The Blues has been on the crest of a wave the last decade, coming out of its arguably depressing funk in which few bands or artists at least lightened the load during the down years of the late 80s and 90s. Wherever you look, from Joe Bonamassa through to Joanne Shaw Taylor, the resurgence of Robert Cray and beyond, the Blues again is relevant, more than that it is vital and has become, like Jazz, a unifying agent in the fight against mediocrity and passionless exploits.

The Cinelli Brothers, Italian by birth, but very much boundary-less Blues driven, have stepped up to this large and imposing podium with charm and their own stature intact and told the audience, the listeners and the want to be’s that Time waits impatiently, time is forever hungry and woe betide the ignoring plea of Babe Please Set Your Alarm; to flout the grace of this album is to put down the genre and walk backwards to the period when Blues in all honesty was about as welcome as a tick on the skin of a dog.

Soulfully aggressive, velvet silk to the ears, Babe Please Set Your Alarm is old school fascination, in its recording and delivery style, the image of the Blues being crowded around in a bar deep in the Mississippi heartlands, heads nodded in agreement, the Blues Harp lauded as much as the expressive and mournful guitar to which songs bow their heads in deference, this is the alarm call you will find touching and siren like.

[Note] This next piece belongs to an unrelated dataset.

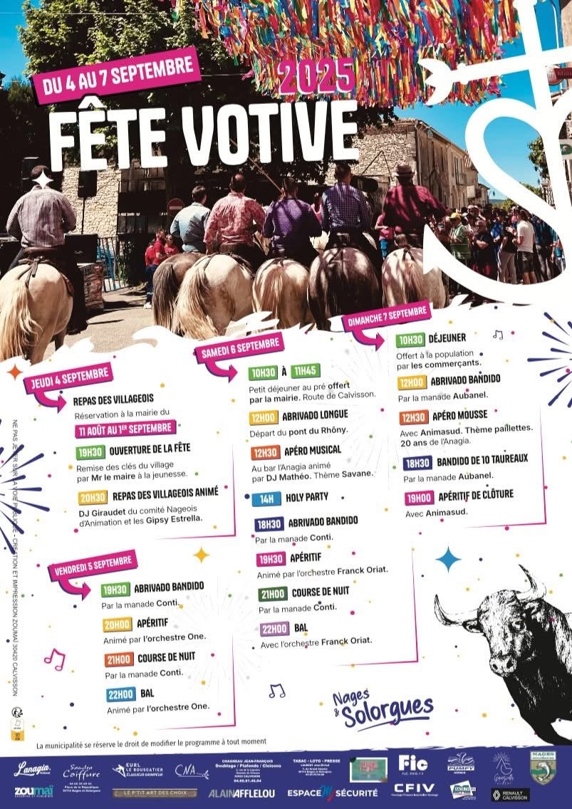 Jeudi 4 septembre 🕡 19h30 : Ouverture de la Fête 🎉 🕗 20h30 : Repas des Villageois animé 🍽️ Vendredi 5 septembre 🕢 19h30 : Abrivado Bandido 🐂 🕗 20h00 : Apéritif 🍹 🕘 21h00 : Course de Nuit 🌙 🕙 22h00 : Bal 🎵 Samedi 6 septembre 🕥 10h30 à 11h45 : Petit déjeuner 🍽️ 🕛 12h00 : Abrivado Longue 🐂 🕧 12h30 : Apéro Musical 🎵 🕓 16h30 : Holy Party 🔥 🕡 18h30 : Abrivado Bandido 🐂 🕢 19h30 : Apéritif 🍹 🕘 21h00 : Course de Nuit 🌙 🕙 22h00 : Bal 🎵 Dimanche 7 septembre 🕥 10h30 : Déjeuner offert 🍽️ 🕛 12h00 : Abrivado Bandido 🐂 🕧 12h30 : Apéro Mousse 🎉 🕡 18h30 : Bandido de 10 taureaux 🐂 🕖 19h00 : Apéritif de Clôture 🍹

In tracks such as Your Lies, Don’t Hold Back And Love Me, their reading of Willie Dixon’s Back Door Man, One More Minute Over Me and the remarkable cover of Prince and the Revolution’s Kiss, The Cinelli Brothers, Alessandro and Marco, alongside harmonica player Rollo Markee, bassist Enzo Strano and Albert Manuzzi on Wurlitzer, play to the crowd and the gallery with deep affection and glorious insight, whilst all the time dictating their own timing, the alarm firmly in their hands and one in which the bell rings true.

The Cinelli Brothers release Babe Please Set Your Alarm on 18th May.